Mais pourquoi descendre puisque le sous-sol inspire aux hommes de l’aversion, de la terreur, un immédiat malaise physique ?

« Le sous-sol est d’une importance vitale pour les structures matérielles de l’existence contemporaine, comme pour nos souvenirs, nos mythes et nos métaphores. C’est un terrain avec lequel il nous faut compter tous les jours et qui nous façonne en permanence. Pourtant, nous refusons de reconnaître la présence de cet inframonde dans notre vie et d’ouvrir notre imagination à ses formes troublantes. »

D’ailleurs, l’époque nous y contraint. Avec le réchauffement climatique, en de nombreux endroits de la planète le sous-sol remonte à la surface.

 

Découvrir, explorer

 

De la Grande-Bretagne à la Finlande, en passant par Paris, la zone frontalière entre l’Italie et la Slovénie, les îles norvégiennes, le Groenland, durant sept années, Robert Macfarlane explora donc le monde souterrain sous ses diverses formes, façonnées par le temps et la nature, créées par l’homme.

Dans les Mendips, pour qui sait regarder, les traces d’enfouissement sont partout, terriers, mines, carrières, grottes, sépulture. Là, des « êtres errants et affamés ont souhaité disposer d’un lieu où ensevelir les morts, un lieu où ils pourraient retourner au fil des ans. » Les eaux ont creusé dans ces terres calcaires des labyrinthes dont on ne peut s’extraire sans la cordelette de nylon blanc, fil d’Ariane moderne. Le sous-sol de Boulby, tout aussi labyrinthique, a été creusé par les hommes qui extraient la potasse sous la lande et sous la mer, bien loin des côtes.

« À plus de huit cents mètres sous terre, dans un laboratoire aménagé au creux d’une couche de sel argenté créée il y a deux cent cinquante millions d’année par l’évaporation d’une mer septentrionale épicontentinentale, un jeune physicien tente d’observer le vide. » Il est à la recherche de la « matière noire ».

Une ville invisible se déploie, sur plusieurs niveaux, au-dessous de la ville lumière.

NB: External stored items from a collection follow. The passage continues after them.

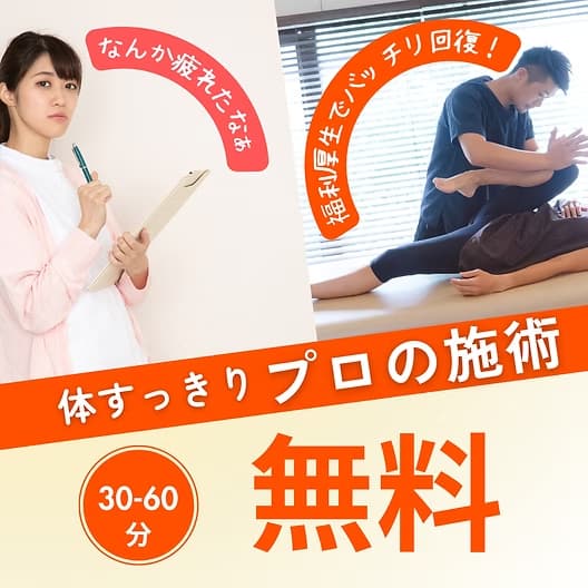 当社が展開する訪問医療マッサージ事業の専門スタッフによる本格的な施術を無料で提供しています。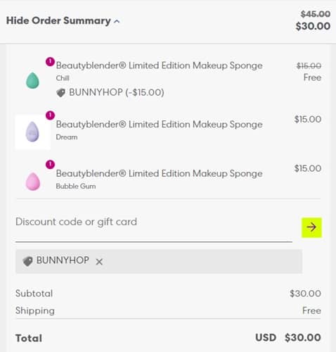 Add 3 eligible beautyblender makeup sponge to cart and use the beautyblender coupon code BUNNYHOP (click to copy) for one to become FREE. FREE SHIPPING applies to all orders automatically at checkout. Take a look at our other favorite finds!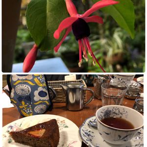 こんばんは🌃 今日のお花 フクシアさん❤️💜💚 (昨年4月撮影) 今年はまだ蕾もありません🌿 今日の昼休み… あまりに忙しくて リフレッシュの為に cake & tea 🍰☕️ 私は苺🍓といちじくのケーキ。 友人は苺ショート🍓。 午後の仕事も頑張りました🤗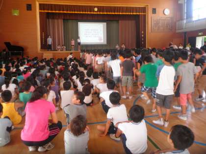 今朝の音楽集会は「もりのくまさん」でした。歌だけでなく、3つのリズムを足や手などを使って打ってみんなで合わせました。いろいろなリズムが合わさって楽しい歌になりました。

Grottes, canalisations, tunnels, galeries souterraines, carrières de plâtres, grottes, bunkers, depuis l’Antiquité ont été creusés dans le sous-sol parisien. On y trouve les amateurs modernes de catacombes, de grandes quantités d’ossements, des traces d’un passé violent.  

Dans Le livre des passages, Walter Benjamin parle des prisonniers politiques enfermés dans ces catacombes après 1848, en dehors de toute juridiction :

« Il fait si froid dans ces galeries souterraines que nombre de prisonniers devaient courir sans cesse ou agiter les bras pour ne pas être engourdis, et personne n’osait s’allonger sur les dalles glacées. »

Dans le Carso et les montagnes slovènes, région frontalière longtemps disputée, les guerres mondiales ont laissé des trous partout, les grottes ont été agrandies pour soigner ou pour tuer. « Dolines, ravins et puits de mine sont à présent le théâtre d’innombrables exécutions individuelles ou collectives, pratiquées surtout par des résistants communistes mais aussi par des milices fascistes. »

Sous la terre, « loin au-dessous du plateau rocheux battu par les vents et desséché par le soleil, les eaux d’un fleuve tout en rapides et en méandres – la Reka en slovène, le Timavo en italien – coulent par endroits à plus de trois cents mètres de profondeur. » Pour atteindre ce « fleuve sans étoiles », s’y plonger, il faut descendre longtemps, lentement, dans le gouffre du Trebiciano. Tenter d’effacer l’horreur des violences humaines en s’émerveillant de la beauté miraculeuse des phénomènes naturels ?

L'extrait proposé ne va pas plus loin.